권 적 신경 망 (CNN) 의 훈련 및 코드 구현

이 글 의 일부 내용 은 zouxy 09 블 로그 에서 왔 습 니 다. 감사합니다!http://blog.csdn.net/zouxy09/article/details/9993371
그리고 스 탠 퍼 드 대학의 심도 있 는 학습 과정:http://ufldl.stanford.edu/wiki/index.php/UFLDL튜 토리 얼
CNN 구조의 연결 은 가중치 공유 때문에 가중치 보다 훨씬 많다.CNN 은 데이터 구동 방식 을 통 해 입력 의 특징 을 추출 하 는 방법 으로 필 터 를 학습 했다.
전형 적 인 CNN 에 서 는 처음 몇 층 이 볼 륨 과 아래 샘플링 으로 교 체 된 다음 마지막 에 전체 연결 층 이 었 다.전체 연결 층 에 있 을 때 모든 2 차원 특징 맵 을 전체 연결 1 차원 입력 으로 바 꾸 었 습 니 다.
1. 전방 향 전파
이 네트워크 가 c 류 분류 문 제 를 처리 할 수 있다 고 가정 하면 모두 N 개의 훈련 샘플 이다.제곱 오차 대가 함수 정의:

2. 역방향 전파

매개 변 수 를 조정 하 다.
대량 경사도 하강 법 은 자주 사용 하 는 목표 함 수 를 최적화 하 는 방법 으로 목표 함수 에 대한 매개 변수 구 도 를 통 해 파 라 메 터 를 업데이트 하고 목표 함수 의 경사 가 떨 어 지 는 방향 이 최소 치 에 빠르게 접근 하 는 것 이다.그래서 매번 교체 할 때마다 다음 과 같은 공식 에 따라 맞아요.

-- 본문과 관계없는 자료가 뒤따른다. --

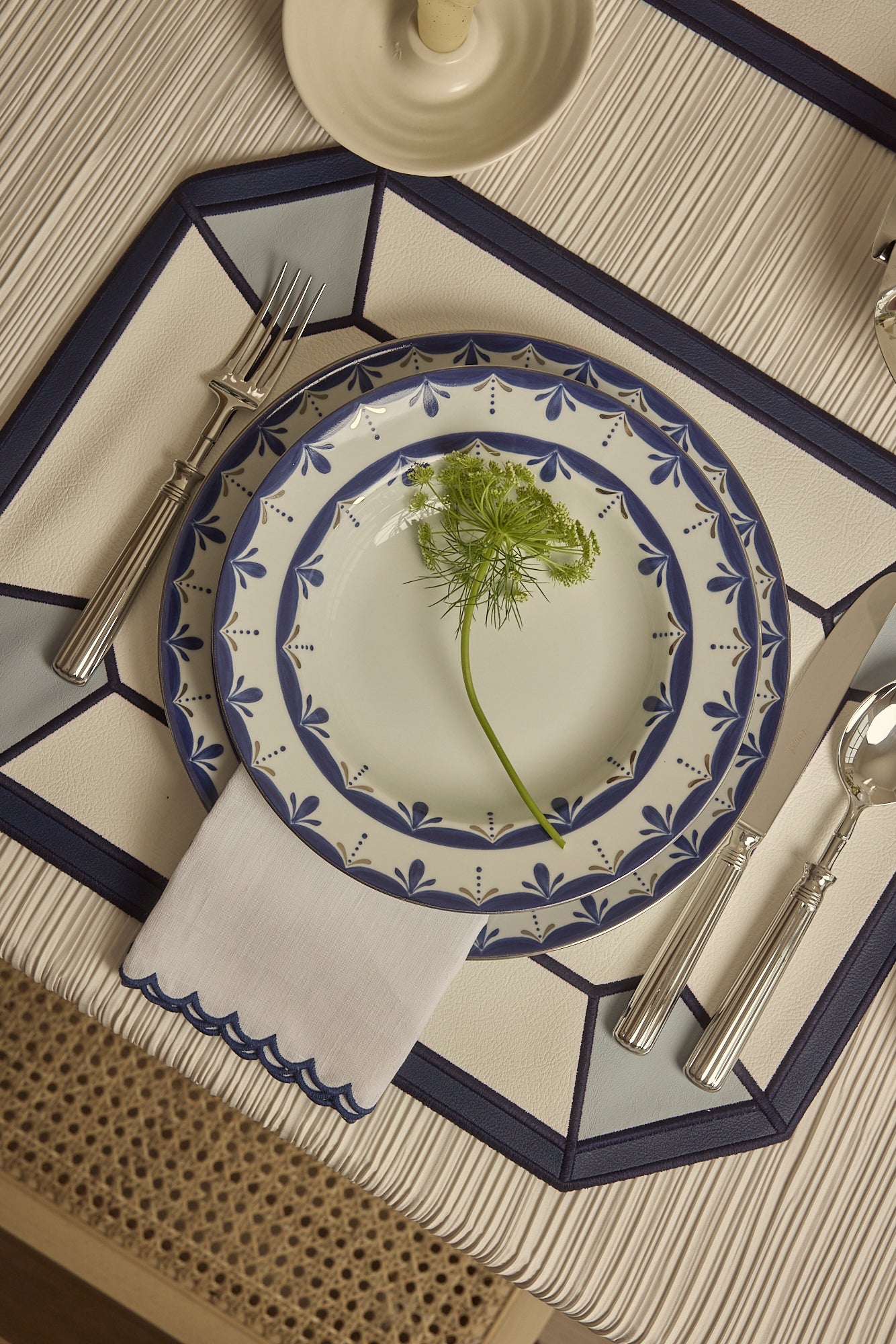 Crafted by our in-house experts to provide a bold combination of color and texture. Here, we’ve styled our pleated tablecloths with leather placemats, pairing them with Alhambra dinnerware in Blue. Ripple porcelain candleholders, our Line cutlery collection, and silver bowls add the finishing touches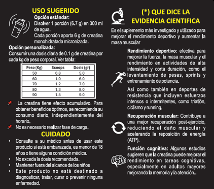 • 6 gramos reales de creatina monohidratada micronizada por servicio de 6.7 g.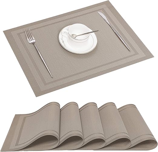 Tennove placemats set of 6 woven vinyl table mats pvc placemats kitchen dining table decoration flower brown 46 out of 5 stars 575. Viomir woven vinyl placemats set of 6 wipeable pvc plastic easy to clean heat resistant stain resistant non slip placemats for dining table indoor outdoor. 45 out of 5 stars 246.

역방향 전파 알고리즘 의 사고방식 은 다음 과 같다.

3. 권 적 신경 망 훈련 파라미터 의 차이 점
3.1 권 적층
CNN 에서 볼 륨 층 의 BP 업데이트.볼 륨 층 에서 상층 의 특징 맵 은 배 울 수 있 는 볼 륨 핵 에 의 해 볼 륨 을 한 다음 활성화 함 수 를 통 해 출력 특징 맵 을 얻 을 수 있 습 니 다.모든 출력 맵 은 여러 개의 입력 맵 을 조합 하여 전송 할 때 다음 과 같이 계산 할 수 있 습 니 다.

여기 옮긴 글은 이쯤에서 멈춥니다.